- Flag Coat of arms
- Coordinates (Karlino): 54°2′21″N 15°52′43″E﻿ / ﻿54.03917°N 15.87861°E
- Country: Poland
- Voivodeship: West Pomeranian
- County: Białogard
- Seat: Karlino

Area
- • Total: 141.02 km^{2} (54.45 sq mi)

Population (2006)
- • Total: 9,168
- • Density: 65/km^{2} (170/sq mi)
- • Urban: 5,794
- • Rural: 3,374
- Website: http://www.karlino.home.pl/

= Gmina Karlino =

Gmina Karlino is an urban-rural gmina (administrative district) in Białogard County, West Pomeranian Voivodeship, in north-western Poland. Its seat is the town of Karlino, which lies approximately 9 km north-west of Białogard and 110 km north-east of the regional capital Szczecin.

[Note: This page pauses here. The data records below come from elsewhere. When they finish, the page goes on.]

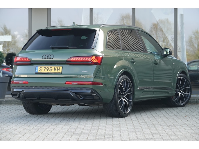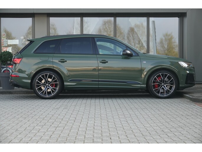 Met een auto als deze Audi Q7 komt u absoluut goed voor de dag. Deze auto uit 2023 heeft 79498 kilometer gereden. De begrippen exclusief en sportief zijn allebei van toepassing op de markante S-Line styling. Deze Audi Q7 heeft een hybride motor, dus een combi van brandstof en elektrisch. Een slim en milieuvriendelijk systeem dat ook nog eens lekker kostenbesparend is. De luchtvering zorgt voor comfort en een ultieme wegligging. Het met leer beklede interieur is comfortabel en stijlvol. Neem plaats op de comfortabele stoelen. Dankzij de elektrische bediening en het geheugen is het eenvoudig om hierin de beste zitpositie te vinden. Het elektrisch bediende panoramadak zorgt voor maximale lichtinval en frisse lucht in het interieur. De elektrisch bedienbare achterklep opent met een druk op de knop. Gewoon, omdat het kan. Deze Audi Q7 heeft zelfs een verwarmde achterbank. Verder is de Audi uitgerust met: 22 inch lichtmetalen velgen, LED-koplampen, warmtewerend glas, trailer assistent, dakspoiler en LED-achterlichten.
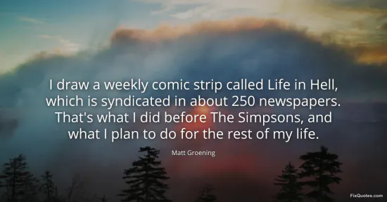 Groening, Matt. "I draw a weekly comic strip called Life in Hell, which is syndicated in about 250 newspapers. That's what I did before The Simpsons, and what I plan to do for the rest of my life." FixQuotes. January 16, 2026. https://fixquotes.com/quotes/i-draw-a-weekly-comic-strip-called-life-in-hell-99756/.
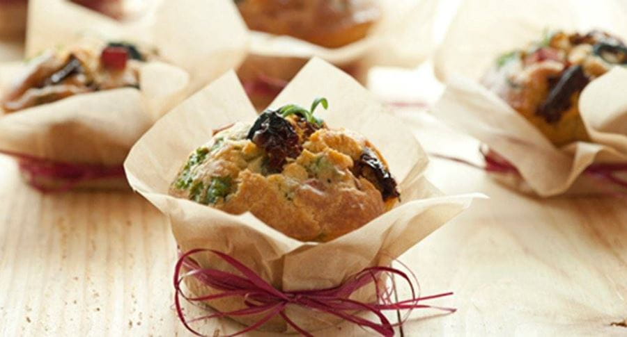 - Misture numa tigela a farinha, o fermento em pó, o bacon em cubos, as azeitonas cortadas em rodelas, os tomates secos cortados em pedaços pequenos, uma pitada de sal e um pouco de pimenta. Misture tudo. Adicione o leite e os ovos e misture mais uma vez.

The gmina covers an area of 141.02 km2, and as of 2006 its total population is 9,168 (out of which the population of Karlino amounts to 5,794, and the population of the rural part of the gmina is 3,374).

==Villages==
Apart from the town of Karlino, Gmina Karlino contains the villages and settlements of Brzeźno, Chotyń, Czerwięcino, Daszewo, Dębolas, Domacyno, Garnki, Gościnko, Karlinko, Karścino, Karwin, Kowańcz, Krzywopłoty, Lubiechowo, Lubiechowo-Przystanek, Malonowo, Mierzyn, Mierzynek, Pobłocie Wielkie, Ubysławice, Wietszyno, Witolub, Wyganów and Zwartowo.

==Neighbouring gminas==
Gmina Karlino is bordered by the gminas of Będzino, Białogard, Biesiekierz, Dygowo, Gościno and Sławoborze.